Con l’invenzione nel 1454 del vetro ‘cristallo’, attribuita al maestro vetraio Angelo Barovier di Murano, inizia il Rinascimento dell’arte vetraria veneziana che sarà, per una lunga stagione produttiva, connotata da un elevato livello artistico oltre che tecnologico.
I nove contenitori di vetro restaurati in occasione della XVII edizione di Restituzioni ben rappresentano il livello qualitativo intrinseco dei prodotti vetrari usciti dalle fornaci muranesi, in particolare, tra l’ultimo quarto del XV e il primo quarto del XVI secolo. La provenienza di questi reperti archeologici e il sito urbano di Padova ora divenuto sede della Questura dove, dal XIV al XVIII secolo, visse, prosperò e decadde il monastero di Santa Chiara de Cella Nova; si tratta di un monastero clariano di clausura il cui accesso, per molte figlie di patrizi veneti, avveniva per monacazione forzata. Non deve quindi stupire la presenza tra i rifiuti domestici recuperati in una struttura interrata, già utilizzata come ghiacciaia dal monastero, di un’abbondante quantità di oggetti (ceramiche, vetri, ferri e altri ancora) di uso sia collettivo (mensa, cucina, attivita produttive) che personale delle monache.
Dovevano far parte di un servizio in dotazione alla mensa del refettorio i cinque bicchieri di vetro azzurro – quattro ricostruiti nella forma e uno solo per una porzione – sulle cui superfici esterne sono raffigurate, con il sapiente utilizzo di smalti colorati e con l’applicazione di foglie d’oro, scene varie tra cui l’Annunciazione a Maria dell’angelo Gabriele e una ‘danza’ di putti reggenti un festone floreale accompagnato da svolazzi di nastri. A un altro servizio d’uso collettivo doveva appartenere il bicchiere abbellito da un decoro pittorico e da una consistenza plastica del suo corpo cilindrico, che appare nervato da costolature verticali evidenziate dalla doratura. Questo prodotto si identifica con quelli indicati in documenti del 1485 e del 1508 rispettivamente come ≪goti dorati da costa≫ e ≪goti cum coste d’oro≫. Un terzo tipo di bicchiere, di forma più tozza, risulta anch’esso abbellito dall’applicazione della doratura e da un motivo a graticcio a losanghe accompagnato da rosette stilizzate, il tutto dipinto in policromia.
Due differenti coppette potevano invece far parte della dotazione personale delle monache, quelle di nobili origini. La prima in vetro lattimo, cioè bianco opaco, dotata di un piede ad anello e definita nei documenti d’archivio ≪de lactimo schieto≫, cioè priva di decorazione.

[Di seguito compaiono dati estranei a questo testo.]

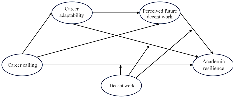 Regarding outcome variables, decent work can directly or indirectly influence wellbeing by fulfilling basic human needs. Moreover, perceptions of future decent work demonstrate similar effects, particularly in mediating pathways between motivational factors like career calling and adaptive outcomes such as academic resilience. Studies focusing on pre-service college students (those yet to enter the workforce) have shown that future decent work perceptions are positively correlated with academic satisfaction (Wen et al., 2023) and negatively correlated with employment anxiety (Wan et al., 2024), suggesting their role in buffering stressors and enhancing persistence in academic pursuits. Further research indicates that these perceptions also serve as a significant positive predictor of resilience (Wen et al., 2024), implying that optimistic views of future work can foster the psychological resources needed to overcome academic challenges, thereby supporting their potential mediating function in linking career calling—a sense of purpose in one's vocational path—to greater resilience. Complementary evidence from Nigerian youth research shows that work volition (a construct related to career calling) predicts future decent work opportunities, and those with better decent work prospects exhibit higher academic satisfaction and career engagement (Ezema and Autin, 2024)—implying that career-related aspirations may translate to academic persistence via enhanced future labor expectations. Moreover, the future dimension of decent work shares isomorphism with hope, as both center on positive future expectations. Given that hope correlates with reduced distress and enhanced adaptive functioning (Feldman and Snyder, 2005; Arnau et al., 2007), this parallel suggests perceived future decent work could mediate the positive effect of career calling on academic resilience by fostering adaptive psychological resources.

La seconda, per la precisione una tazza monoansata, è in un vetro azzurro che appare diversamente lavorato: sul fondo e percorso da costolature e sulla parete e plasticato a losanghe che creano in trasparenza un effetto chiaroscuro sull’azzurro intenso della pasta vitrea. La lettura stilistica e la conservazione di queste suppellettili vitree sono state possibili grazie al complesso restauro conservativo iniziato fin dalla fase del rinvenimento nello scavo, con l’intervento diretto dei restauratori che hanno provveduto al loro recupero con opportuni sistemi atti a mantenere inalterate le condizioni fisico-chimiche di giacitura. Successivamente, in laboratorio, sono state svolte con varie metodologie la pulitura, la ricerca degli attacchi, l’incollaggio dei frammenti, la ricostruzione formale con l’integrazione e la protezione finale. Il ritrovamento di numerosi reperti vitrei, già appartenuti al monastero di Santa Chiara di Padova, grazie anche all’intervento di restauro finanziato da Intesa Sanpaolo, ci permette ora di conoscere e ammirare le tecniche e le qualità stilistiche ottenute dai maestri vetrai muranesi, raggiunte in particolare tra gli ultimi decenni del Quattrocento e i primi decenni del Cinquecento.